Harvard T.H. Chan School of Public Health researchers tracked 44 18- to 29-year-old university students who resided in dormitories in Boston. Of all the students, 24 stayed in dormitories with air conditioners (AC), having an indoor temperature of about 71 degrees Fahrenheit. Meanwhile, 20 students lived in AC-free dormitories with temperatures reaching around 80 degrees Fahrenheit.
Each morning for 12 days, the students answered tests that measured their cognitive abilities, including processing speed, memory, and attention.
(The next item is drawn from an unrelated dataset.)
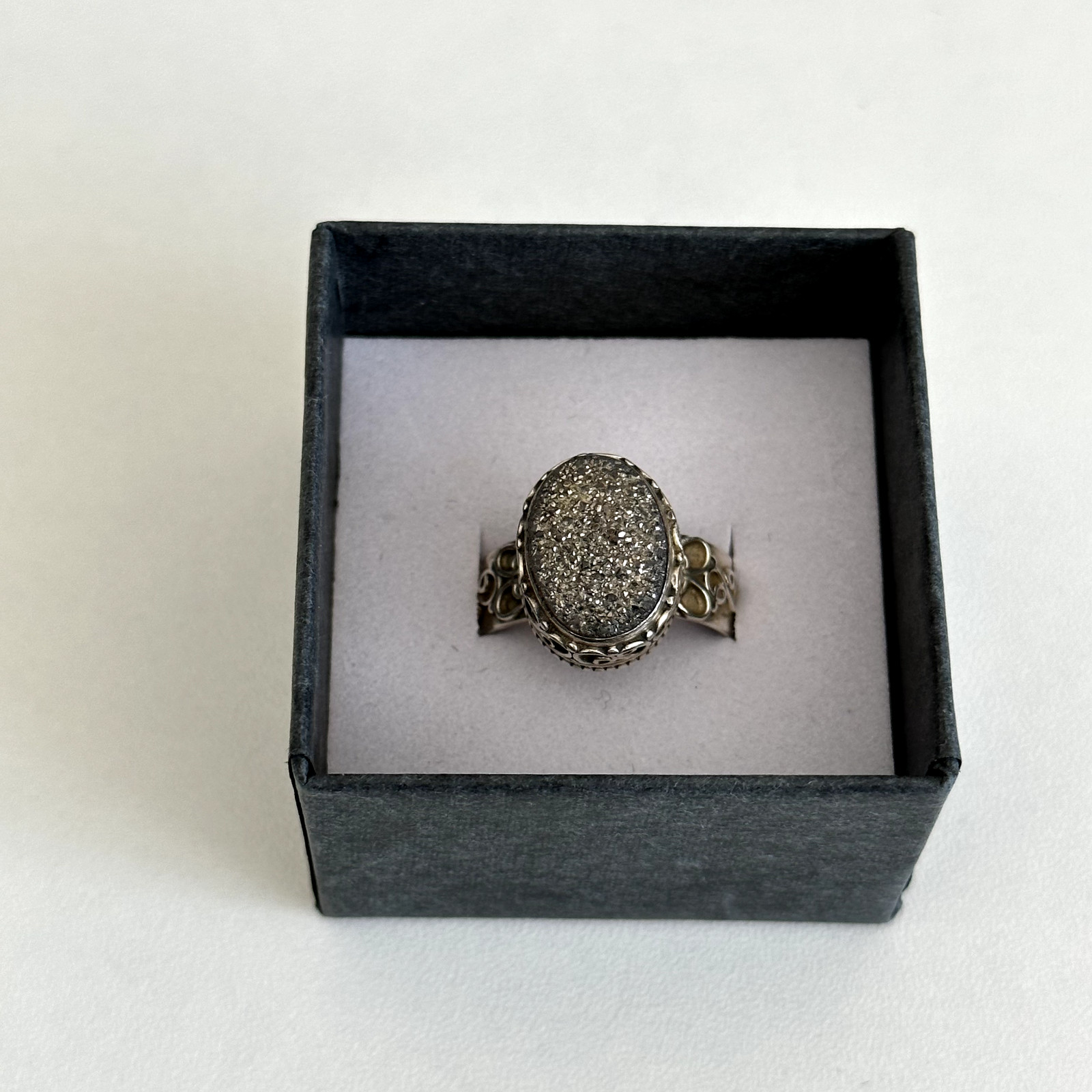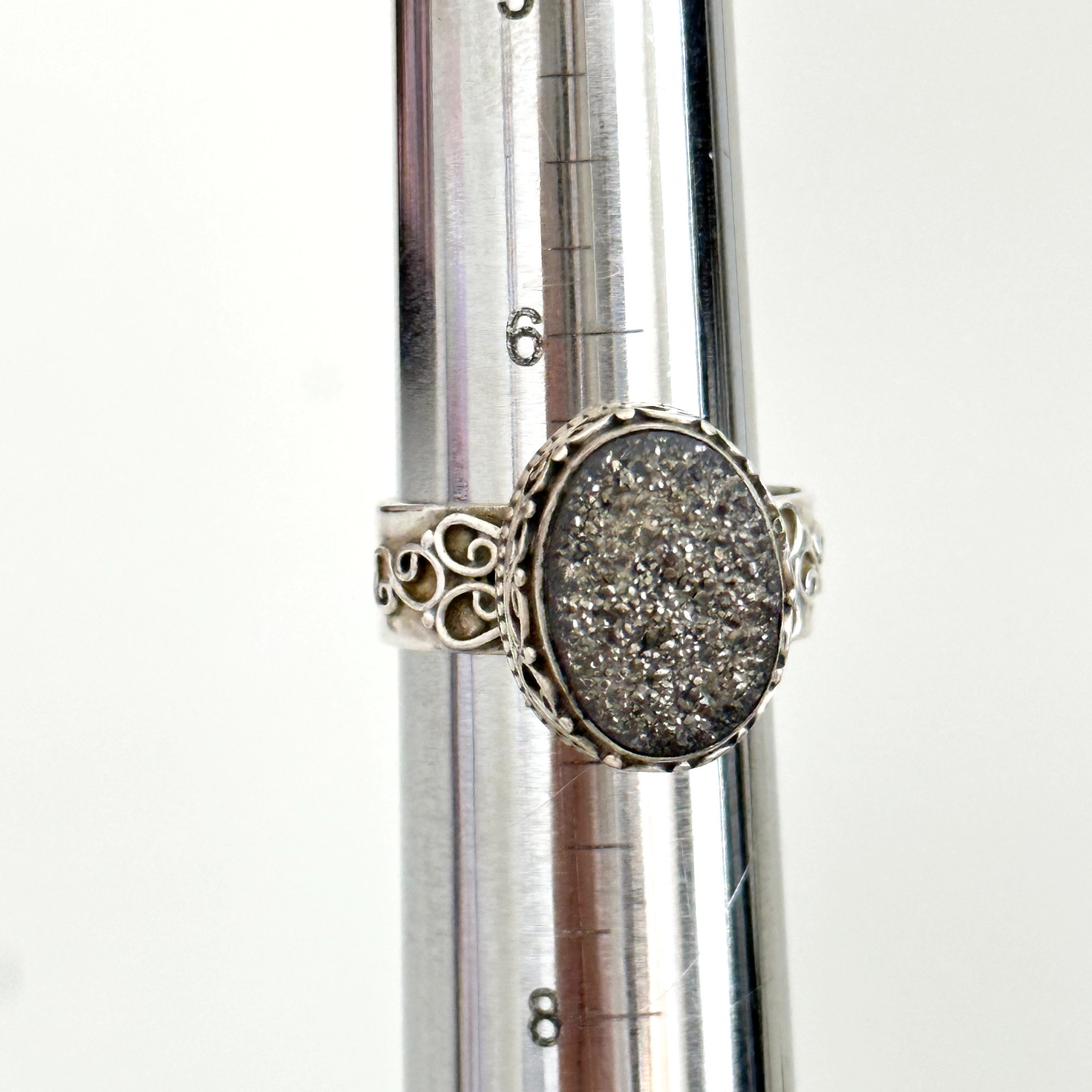 как выглядит Vintage 925 Sterling Silver India Druzy Quartz Filigree Scroll Ring Size 6.75 фото

Results showed that students in buildings with no AC performed more poorly in the tests compared to the other group. The researchers also discovered that the largest difference between the two groups’ cognitive performances took place during days when the outdoor temperature was colder.
According to the researchers, the results can be explained by how indoor temperature continues to soar even when outdoor temperature has declined because heat can be trapped within buildings. Being unmindful of indoor heat can give people a false sense of security that they will no longer experience the adverse effects of high temperatures.
Aside from affecting people’s cognitive abilities, exposure to heat has also been linked to mental health problems. A study from Umeå [Y-muh-oh] University in Sweden examined hospital admission records from 2008 to 2012 at Vietnam’s Hanoi Mental Hospital. Findings revealed that the admissions related to mental illnesses significantly increased during the hot season. The number of recorded cases for mental disorder was also 24% higher in summer than in winter.